Mayor of Grasse (1830-1835), Deputy of Var (1831-1834), General Councilor of Var Canton of Grasse-Nord (1833-1836)

Personal details
- Born: Claude-Marie 9 September 1770 Grasse, Kingdom of France
- Died: 31 January 1865 (aged 94) Grasse, French empire
- Resting place: Cimetière Sainte-Brigitte de Grasse
- Party: Legitimists
- Spouse: Marie Marguerite Justine Isnard
- Relatives: Courmes family
- Occupation: French merchant, shipowner and politician
- Awards: knight of the royal order of the Legion of Honour (26 janvier 1833...)

= Claude-Marie Courmes =

French merchant, shipowner and politician

Claude-Marie Courmes (September 9, 1770, Grasse, Alpes-Maritimes – January 31, 1865, Grasse, Alpes-Maritimes) was a French merchant, shipowner and politician.

Mayor of Grasse from 1830 to 1835, he was elected deputy for Var from July 1831 to May 1834 and General Councilor of Var Canton of Grasse-Nord from 1833 to 1836.

==Family==

Courmes Coat of Arms

A direct descendant in the agnatic line of the Huguenot captain Luc Courmes (1580, Grasse),
Claude-Marie Courmes belonged to an ancient French bourgeoisie fr].

He married in 1801 Marie Marguerite Justine Isnard (1779+1851), she is the niece of Baron Isnard.

He acquired the old Clapiers-Cabris hotel in Grasse. with his younger brother Antoine Joseph Courmes (1777+1858). The latter is the great-grandfather of the squadron leader Marcel Courmes.
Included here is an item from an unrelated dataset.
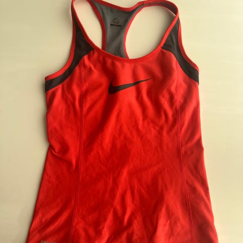 Nike Dri-Fit Cotton Tee treningstopp for dame i størrelse M. Ermeløs topp i rødt stoff med rund hals. Laget i bomullsblanding med Dri-Fit-teknologi som transporterer fuktighet bort fra kroppen. Passer til trening og annen fysisk aktivitet.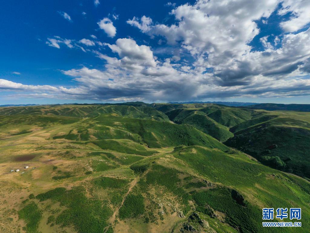 新疆裕民縣巴爾魯克山區(qū)夏牧場(chǎng)景觀(6月16日攝,無(wú)人機(jī)照片)。

== Trader and shipowner ==
The Courmes houses were represented by two major businesses in Grasse. The soap factory maintains close relations, along with the oil mill and the emerging perfumery The object, the commercial goal sought is vast. Alongside leathers, wheat, oils, flowers, tropical products and private banking will soon appear. The Grasse "merchants" form a caste where family ties and interest pacts are entangled.
The Courmes had warehouses in Grasse and Cannes, Claude-Marie Courmes' soap factory is as modern as the Grasse factories. The Courmes house, linked to major Marseille commerce, invests in a commercial fleet and takes shares in the "Tartane Saint-Pierre", "L'avenir" and the "Rose-Louise".

==Political career==
Courmes was part of a group of young royalists from Grasse, the "Children of the Sun" who notably formed a counter-revolutionary gathering on Ventôse 7, Year V (February 25, 1797) in Grasse on the Place aux Aires where "Le Réveil" was sung. Police report : "Claude [Marie] Courmes fils, merchant, set the tone during the demonstration on the square with cries of "Long live the King! » "Down with the Republic!; we also saw him that day distributing rifles to the participants".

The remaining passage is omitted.